Open Source -- A Standards Success Story?Nicholas M. Stoughton
This year, the buzz is all about Open Source. The LISA '98 keynote speech, by Eric Allman, was about Open Source. Then, of course, there were the now infamous Hallowe'en documents from Microsoft. The idea has been around for a long time, but Eric Raymond's paper "The Cathedral and the Bazaar" really sparked the most recent formalization of the concept. Those of you who want to know more about the concept should look at <www.opensource.org>.
Open Source software is extremely successful, in general. Without standards, it would probably still succeed, but it would have a far more limited appeal. Just how many successful Open Source applications are there that don't have a POSIX-style system as the base starting point (even if they have been successfully ported to non-POSIX systems)? However, developers of Open Source software still have to riddle their code with #ifdef's to allow for the enormous varieties of systems that are in existence. If the standards community had really achieved everything it wanted to, far less of this conditional compilation would be needed. But at least the majority of systems behave in a largely similar fashion, and that really is thanks to standards. In "The Cathedral and the Bazaar," Eric Raymond points out, "When your code is getting both better and simpler, that is when you know it's right." The fewer the differences between systems, the easier it is to achieve this goal.

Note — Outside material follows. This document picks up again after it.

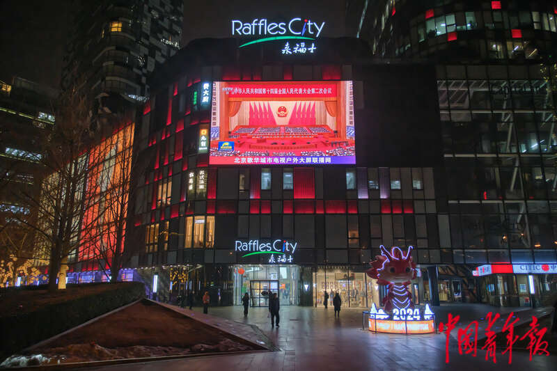 3月5日晚,北京市东城区,一处户外屏幕正在播放新闻联播里关于十四届全国人大二次会议开幕的新闻画面。田嘉硕/摄
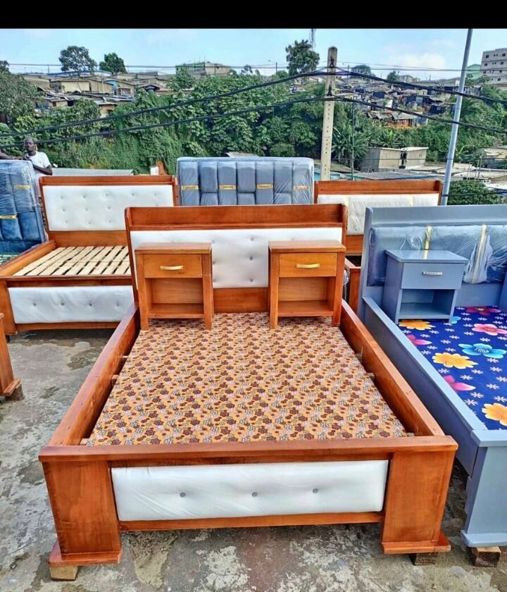 Lit en bois avec tête de lit capitonnée, parfait pour une chambre moderne. Conçu pour le confort et la durabilité, ce lit est idéal pour créer une atmosphère paisible et élégante dans votre espace de sommeil.

The idea that standards such as POSIX make source portability easier is most relevant when the source itself is open. Typical closed or proprietary applications do not worry so much about standards; they are out to use all the proprietary interfaces they can, to squeeze every last drop of performance out of the systems they have targeted. Just how much easier has POSIX made life for a company such as Oracle? (I am not qualified to answer that question personally, but I'd be very interested to hear a response from you if you work for an organization like that.) But how much easier has POSIX made it for the adoption of BIND or Apache?
It is very interesting to look through some of these Open Source applications and see where there is a lack of standardization. Perhaps we in the standards business should take more notice of these. For example, which header files are needed, and in what order; where certain files are located; and how options are handled regularly cause problems. These are the areas we need to consider in the current revision of POSIX and The Open Group's Single UNIX Specification.
And what of that project? Last September, representatives from The Open Group's Base working group, the IEEE Portable Applications Standards Committee (PASC), and ISO/IEC JTC1/SC22/WG15 (POSIX) met in Austin, Texas, to agree that the POSIX standards needed revising and to decide to do the work together. Because of the location, the group has become known as the Austin Group. It has taken six months to settle the basic ground rules for how that group will operate, but finally we appear to be ready to start the real work. Projects will be sponsored in each of the organizations to produce a single common set of specifications initially four, covering what is now in the two POSIX.1 and POSIX.2 standards. The four books planned are: the system APIs (currently POSIX.1 and XSH); Commands and Utilities (POSIX.2 and XCU); a new common definitions book; and a separate guide to using the standards, to which the rationale will be moved. The next meeting is planned for early March, with subsequent meetings in Montreal in July and somewhere in Europe (probably Copenhagen) in the fall. The first drafts of these four books should be ready before the year 2000 rolls around.
All Austin Group meetings are open to anyone; there is no membership requirement. All the drafts are intended to be freely available via the Web for comment. By helping to get these standards correct, useful, and usable, we can ensure a bright future for Open Source developers, our real target audience.